• Work instructions: Take the material below and output exactly the run of lines from the one containing "At the top of" down to the one containing "由教育部高等学校电子商务类专", with both included.

===== Given data

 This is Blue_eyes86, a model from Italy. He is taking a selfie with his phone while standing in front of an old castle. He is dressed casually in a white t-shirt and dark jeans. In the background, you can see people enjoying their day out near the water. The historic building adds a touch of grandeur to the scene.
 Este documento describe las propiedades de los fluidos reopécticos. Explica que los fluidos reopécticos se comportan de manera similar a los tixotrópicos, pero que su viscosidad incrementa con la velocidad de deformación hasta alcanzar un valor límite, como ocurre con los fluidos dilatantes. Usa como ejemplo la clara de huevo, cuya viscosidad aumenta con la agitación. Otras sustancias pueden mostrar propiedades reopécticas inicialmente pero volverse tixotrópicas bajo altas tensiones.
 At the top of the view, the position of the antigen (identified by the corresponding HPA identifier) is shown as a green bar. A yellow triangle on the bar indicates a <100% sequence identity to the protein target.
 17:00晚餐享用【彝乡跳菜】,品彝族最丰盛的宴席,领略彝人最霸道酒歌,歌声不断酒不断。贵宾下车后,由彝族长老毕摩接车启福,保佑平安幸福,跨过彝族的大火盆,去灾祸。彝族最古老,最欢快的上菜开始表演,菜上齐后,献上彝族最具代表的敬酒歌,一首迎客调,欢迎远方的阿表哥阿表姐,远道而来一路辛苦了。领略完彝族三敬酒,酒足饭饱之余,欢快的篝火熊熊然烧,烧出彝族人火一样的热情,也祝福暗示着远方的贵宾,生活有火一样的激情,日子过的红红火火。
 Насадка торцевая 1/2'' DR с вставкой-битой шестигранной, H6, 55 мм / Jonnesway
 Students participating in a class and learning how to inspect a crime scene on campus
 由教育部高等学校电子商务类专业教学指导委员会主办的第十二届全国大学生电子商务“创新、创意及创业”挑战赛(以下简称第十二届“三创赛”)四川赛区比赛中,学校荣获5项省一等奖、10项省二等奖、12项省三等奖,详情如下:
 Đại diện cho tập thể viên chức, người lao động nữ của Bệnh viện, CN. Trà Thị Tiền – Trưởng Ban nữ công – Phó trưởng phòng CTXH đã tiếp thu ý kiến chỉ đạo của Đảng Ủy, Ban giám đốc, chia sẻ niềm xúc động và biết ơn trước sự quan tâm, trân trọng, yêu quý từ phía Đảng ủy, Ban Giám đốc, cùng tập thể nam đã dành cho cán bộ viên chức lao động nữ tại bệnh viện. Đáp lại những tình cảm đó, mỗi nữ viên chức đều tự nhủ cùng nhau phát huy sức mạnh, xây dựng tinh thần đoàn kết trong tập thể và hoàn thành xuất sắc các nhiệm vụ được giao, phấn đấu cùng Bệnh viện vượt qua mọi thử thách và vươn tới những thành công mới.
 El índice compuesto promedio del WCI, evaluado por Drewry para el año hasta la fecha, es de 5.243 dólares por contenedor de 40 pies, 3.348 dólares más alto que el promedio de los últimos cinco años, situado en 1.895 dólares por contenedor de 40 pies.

==========

• Response area:
 At the top of the view, the position of the antigen (identified by the corresponding HPA identifier) is shown as a green bar. A yellow triangle on the bar indicates a <100% sequence identity to the protein target.
 17:00晚餐享用【彝乡跳菜】,品彝族最丰盛的宴席,领略彝人最霸道酒歌,歌声不断酒不断。贵宾下车后,由彝族长老毕摩接车启福,保佑平安幸福,跨过彝族的大火盆,去灾祸。彝族最古老,最欢快的上菜开始表演,菜上齐后,献上彝族最具代表的敬酒歌,一首迎客调,欢迎远方的阿表哥阿表姐,远道而来一路辛苦了。领略完彝族三敬酒,酒足饭饱之余,欢快的篝火熊熊然烧,烧出彝族人火一样的热情,也祝福暗示着远方的贵宾,生活有火一样的激情,日子过的红红火火。
 Насадка торцевая 1/2'' DR с вставкой-битой шестигранной, H6, 55 мм / Jonnesway
 Students participating in a class and learning how to inspect a crime scene on campus
 由教育部高等学校电子商务类专业教学指导委员会主办的第十二届全国大学生电子商务“创新、创意及创业”挑战赛(以下简称第十二届“三创赛”)四川赛区比赛中,学校荣获5项省一等奖、10项省二等奖、12项省三等奖,详情如下:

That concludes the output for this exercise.